Las conclusiones que se desprenden de estos postulados de la teoría oréctica, al ser aceptados como punto de arranque para una visión del hombre enfocado desde dentro, implican ciertos cambios en el modo de pensar dualista de la personología. La investigación consiguiente del patotropismo (P) requerirá la fijación fisiológica cuanto más estricta de sus funciones en el sentido energético, dinámico y no mecanicista. La generalización de lo afectivo (O) y la extensión de la valoración (V) a todos los niveles del organismo, a partir de la célula, exige una elaboración nueva, subracional, de la teoría del conocimiento. El concepto oréctico de la forma (F), como cofactor general del comportamiento, ofrece una morfología no figurativa, superestructural para el enfoque biológico del devenir evolutivo.

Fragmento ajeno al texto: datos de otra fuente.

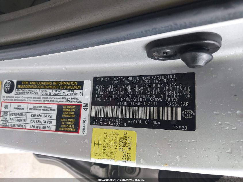 2011 TOYOTA CAMRY 2011 року Бензин, 2.5, Передний привод, vin - 4T4BF3EK5BR187817 из США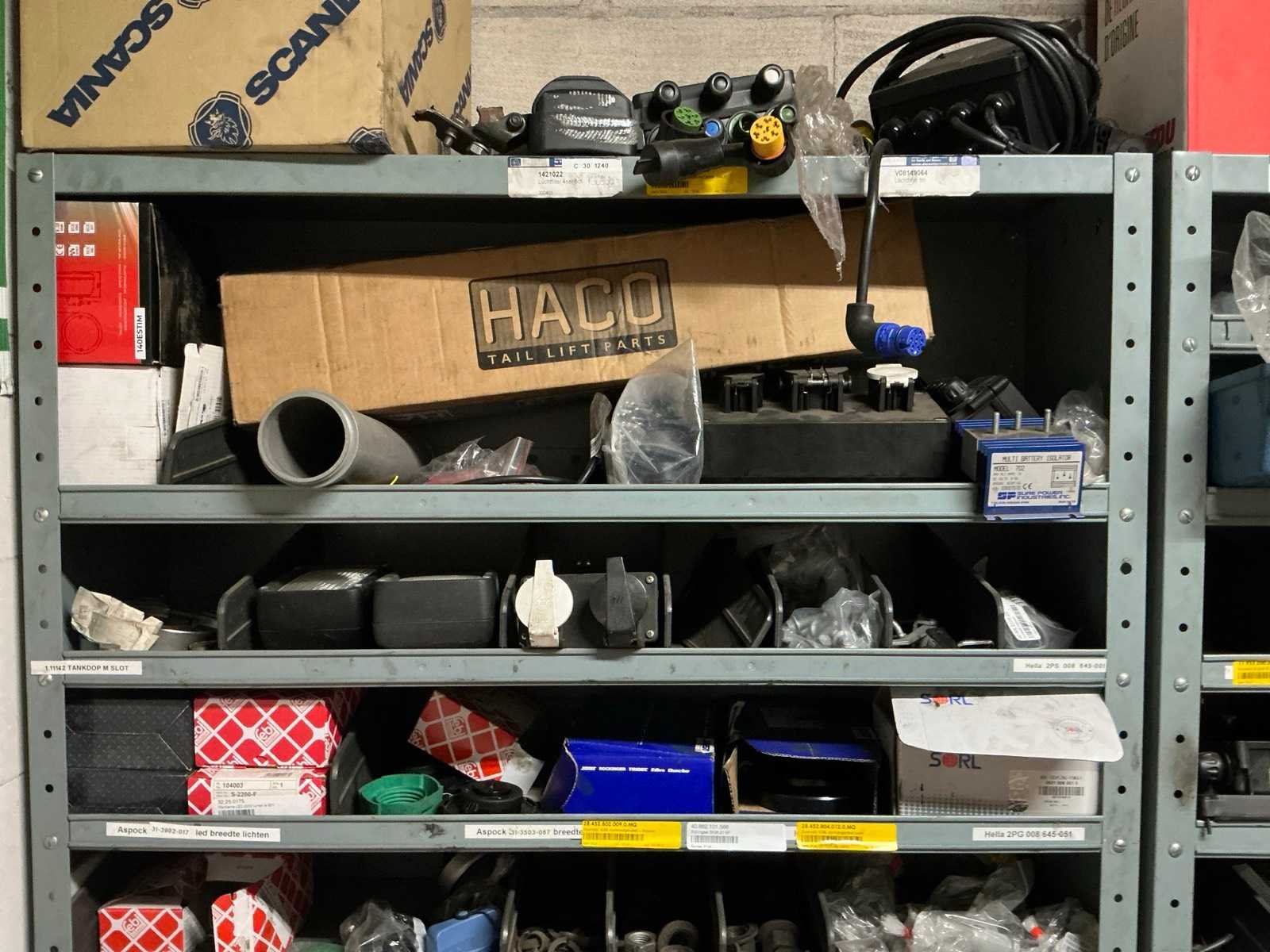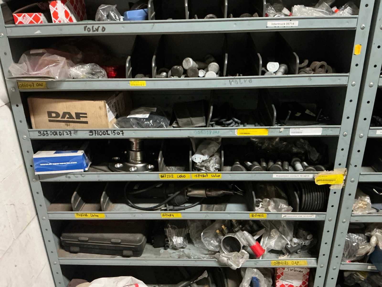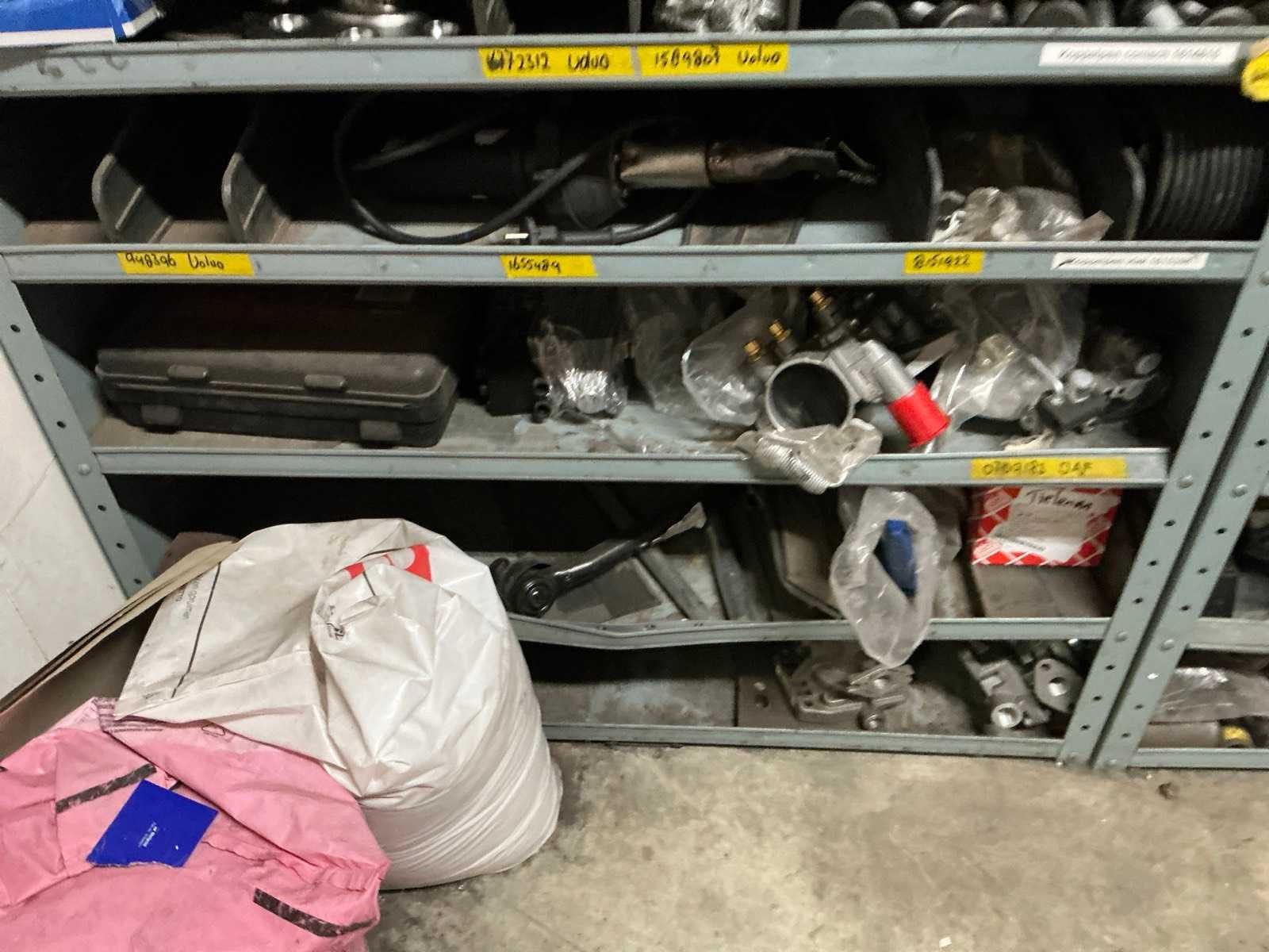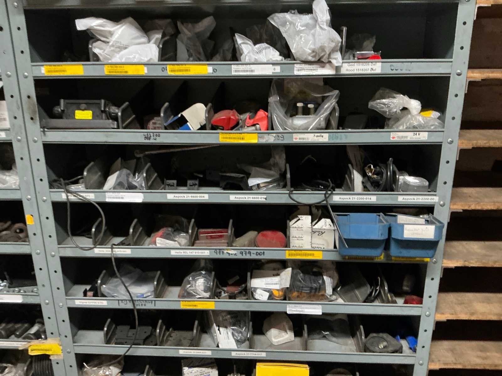 3x metalen stelling met inhoud; inhoud bestaande uit diverse vrachtwagen onderdelen en toebehoren.

Subrayando la importancia de lo subjetivo, la teoría oréctica cree haber aportado ciertos criterios que facilitan el estudio científico de estos fenómenos.

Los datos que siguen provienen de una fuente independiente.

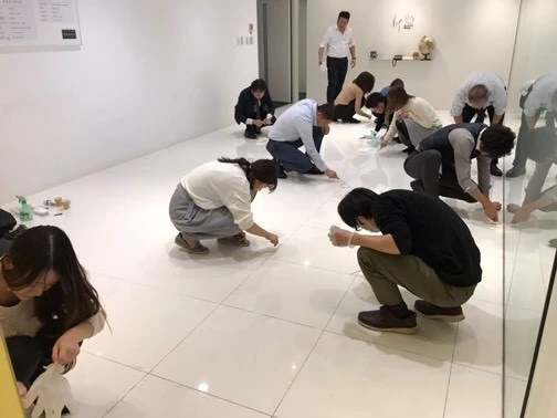 エントランスのタイルをみんなで磨きました。必死です(笑)

Aun sin escribir en este ensayo una teoría sistemática del conocimiento, creemos haber puesto en su sitio la función biológica de la razón. No le hemos hecho ningún daño, ni la hemos despojado de sus derechos naturales. Al contrario, la hemos eximido de las culpas que se le achacan inmerecidamente y que se producen en la orientación vital del hombre por la motivación negativa muy por debajo de ella y por fuerzas biósicas más fuertes que ella. Hemos insistido tan sólo en que, si algunos le atribuyen la capacidad de que ella podría controlarlas, caen en la soberbia poco compaginable con la biología. Si el mundo nos parece a veces absurdo y sin sentido, ello ocurre por la insuficiencia de la razón abstracta y por su función falsa. Por debajo de ella la co-reidad de las cosas acusa orden y motivación —tristes o alegres para nosotros— cuya realidad, verdad y sentido se nos escapa a veces tan sólo porque la razón las haya declarado de conocimiento suficiente. Afortunadamente, tenemos en el sentir un poderoso instrumento de exploración directa del significado respecto a las leyes que rigen por lo menos el comportamiento del hombre. Y por esto hemos subrayado a nuestra manera, junto con otras escuelas y sistemas que siguen por el mismo camino, que tal investigación hacia un mejor conocimiento tendría que empezar por las raíces del sentir y no por la corona de la razón. Cuanto más podamos bajar en lo subjetivo del hombre, más podremos prevenirle contra sus propios errores y catástrofes evitables. Y si ya tenemos que culpar a alguien por el sufrimiento, culpemos a los factores que lo dicten y no al dócil y servicial escribano, la razón.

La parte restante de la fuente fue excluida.